Exercise description :: Pictures aside, write out the data exactly as it reads.

Given material ::
= = = = = = =

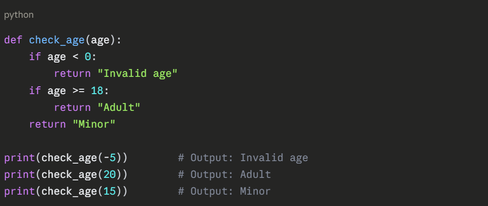 A function can return at any point. Once return is reached, the function exits immediately, remaining code in the function is skipped.
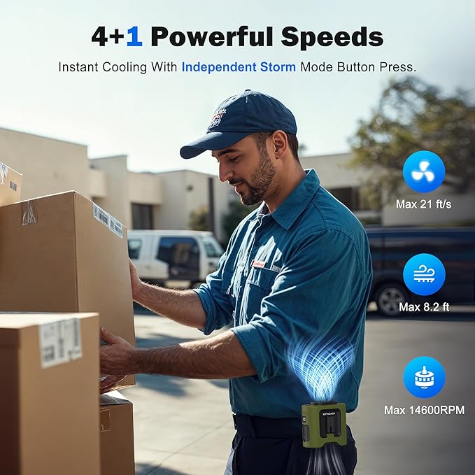 - Independent Storm Mode: With 4 wind speed settings and a dedicated storm mode, this personal fan delivers wind speeds up to 21 ft/s. Easily activate storm mode with a single press for fast cooling in hot outdoor work environments, morning exercises, or long journeys
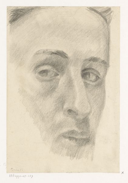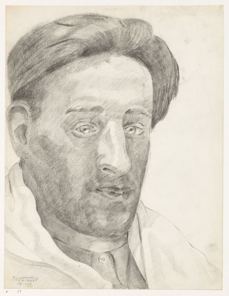 This is Cor van Teeseling's self-portrait, made with graphite on paper on January 31st, 1940. The artist has captured his likeness with an economy of means. Graphite, after all, is among the humblest of art materials. Yet, its very ordinariness lends this image its power. Van Teeseling’s precise control over line weight allows him to build up the image through careful gradations. Notice how the subtle shading around the eyes and mouth conveys a sense of quiet introspection. He is looking inward, a young man facing an uncertain future. The choice of graphite also speaks to the artist's engagement with the social realities of his time. During the interwar period, many artists turned away from the perceived excesses of oil painting. They embraced drawing as a more direct, accessible medium, one that could capture the everyday lives of ordinary people. In this light, Van Teeseling’s self-portrait can be seen as a poignant reflection on the artist's place in a rapidly changing world. It’s a reminder that even the simplest of materials can be used to create profound and moving works of art.
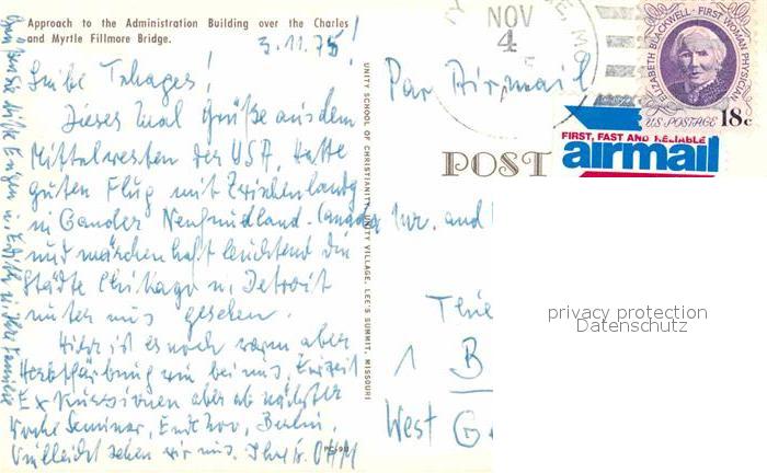 72763591 old postcard Lees Summit Approach to the Administration Building over Charles and Myrtle Fillmore Bridge postalisch gelaufen Erhaltung siehe scans [LiesaD40] KatCode: 14140270000000

= = = = = = =

Answer to the problem ::
 A function can return at any point. Once return is reached, the function exits immediately, remaining code in the function is skipped.
 - Independent Storm Mode: With 4 wind speed settings and a dedicated storm mode, this personal fan delivers wind speeds up to 21 ft/s. Easily activate storm mode with a single press for fast cooling in hot outdoor work environments, morning exercises, or long journeys
 This is Cor van Teeseling's self-portrait, made with graphite on paper on January 31st, 1940. The artist has captured his likeness with an economy of means. Graphite, after all, is among the humblest of art materials. Yet, its very ordinariness lends this image its power. Van Teeseling’s precise control over line weight allows him to build up the image through careful gradations. Notice how the subtle shading around the eyes and mouth conveys a sense of quiet introspection. He is looking inward, a young man facing an uncertain future. The choice of graphite also speaks to the artist's engagement with the social realities of his time. During the interwar period, many artists turned away from the perceived excesses of oil painting. They embraced drawing as a more direct, accessible medium, one that could capture the everyday lives of ordinary people. In this light, Van Teeseling’s self-portrait can be seen as a poignant reflection on the artist's place in a rapidly changing world. It’s a reminder that even the simplest of materials can be used to create profound and moving works of art.
 72763591 old postcard Lees Summit Approach to the Administration Building over Charles and Myrtle Fillmore Bridge postalisch gelaufen Erhaltung siehe scans [LiesaD40] KatCode: 14140270000000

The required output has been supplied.